Сын оставил миру весьма поэтичный портрет «последней любви» стареющего волокиты, эта женщина «была полна петербургского очарования, которое рождается с белыми ночами», Вадиму она представлялась, вероятно, женским существом, вышедшим из блоковской строки: «платье на ней не сидело как на других — оно ложилось струящимися длинными складками, и от этого вся ее фигура казалась легкой и бесплотной». Молодому человеку казалось, что она «не шла, а взлетала» и еще несколько шагов — «и она, отделившись от земли, поплывет по воздуху»[586]. Но едва ли столь сильный поэтический восторг вызывала Вера Петровна у отца. «Чем-то она входит в мою душу», — пишет Андреев через несколько месяцев после знакомства. Заметим, что всегда влюбляющийся молниеносно Леонид Николаевич на этот раз не торопится, разгадка — опять-таки в его дневнике: «Похоже на то, что она любит меня». Уже основательно изучив сердце нашего героя, мы понимаем, что тихая взаимная любовь никогда не привлекала нашего героя, ему необходим был «пожар сердца», а сильную страсть рождало в нем лишь осознание невозможности быть любимым. Так, дав писателю понять, что его чувство может стать взаимным, Верочка упустила свой шанс быть любимой. «Я не люблю ее, — признается Андреев сам себе, — но моя жалость и нежность к ней доплескиваются почти до любви»[587]. Бывая в доме Сенютовичей, Леонид Николаевич начинает жалеть и Владимира Николаевича — мужа Веры, который, кажется, очень любит свою жену.

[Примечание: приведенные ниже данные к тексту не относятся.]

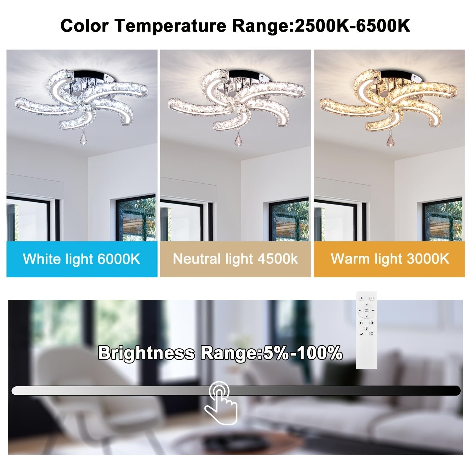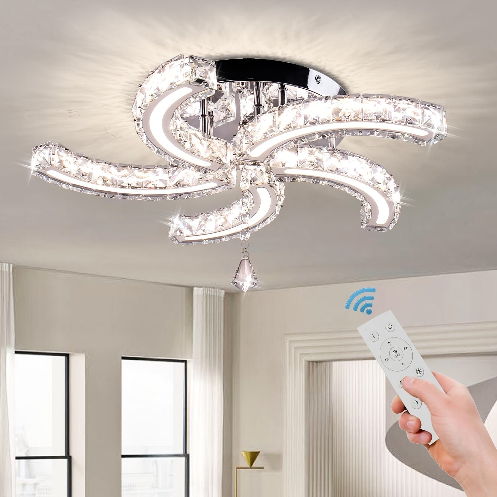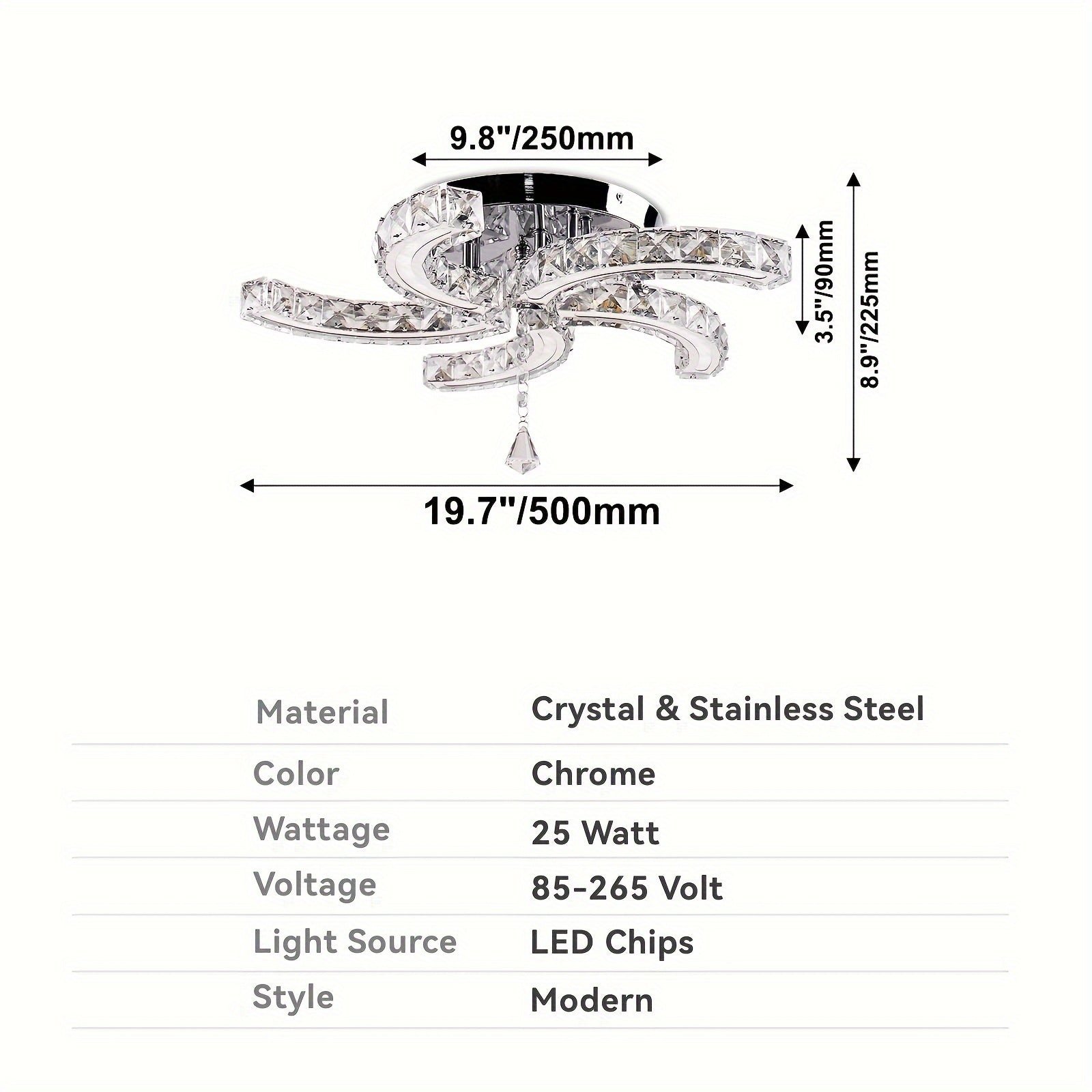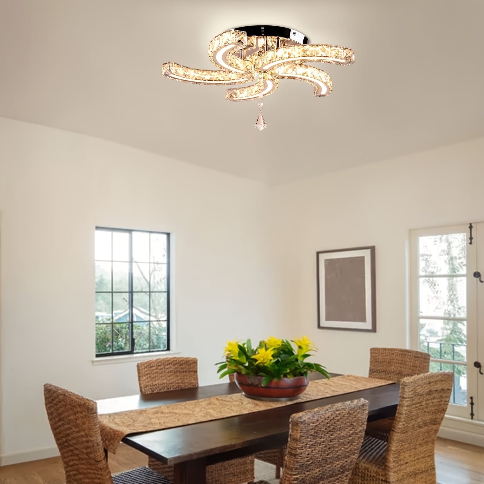 Add timeless elegance and brilliance to your home with this Semi Flush ceiling crystal light fixtures. Designed with five gracefully curved crystal arms and a polished chrome finish, this fixture combines contemporary design with luxurious detailing. The crystal embellishments sparkle beautifully under the integrated LED light, creating a dazzling effect that enhances any dining room, bedroom, kitchen, or living space.

И когда Вера Петровна все же последовала за мужем в Стокгольм, Андреев, вероятно, испытал некоторое облегчение…
Интересно, что это едва зародившееся и тут же угасшее романтическое чувство отнюдь не ссорило мужа с женой, не неся угроз их «устоявшемуся браку». Но вот — новая, короткая и горькая влюбленность Андреева в Евгению Платоновну Эдуардову-Давыдову, бывшую балерину Мариинского театра и будущего довольно известного балетного педагога, вызвала целую бурю в семействе Андреевых. В ноябре 1918-го Андреев впадает в обычную для себя любовную горячку: живущая в Райволе балерина каждый день приезжает в Тюрисево, где ведет театральную студию, он же, судя по дневнику, тоже начинает посещать студию, видятся они и на многочисленных вечерах у общих знакомых. К концу третьей недели знакомства Леонид Николаевич признается: «в меня вступили молодость и любовь». «В ней есть от искусства, от танцев, от сцены и кулис с их красивым и горячим туманом, от той жизни, что дают огромные деньги и успех — она богата и поклоняема», — пишет он о Евгении в «дни надежды». Как ни странно, эта женщина не так уж и молода, ей — тридцать шесть, за плечами — одно замужество, и ее бывший муж — композитор и банкир — все еще при ней, ну а кроме того — присутствуют и поклонники: от юношей — до «богатых старичков». Андреев, который уже давно тайно ждет «новую любовь», считая ее избавлением от смерти, испытывает «непрерывное и тяжелое волнение, темное и непонятное»[588].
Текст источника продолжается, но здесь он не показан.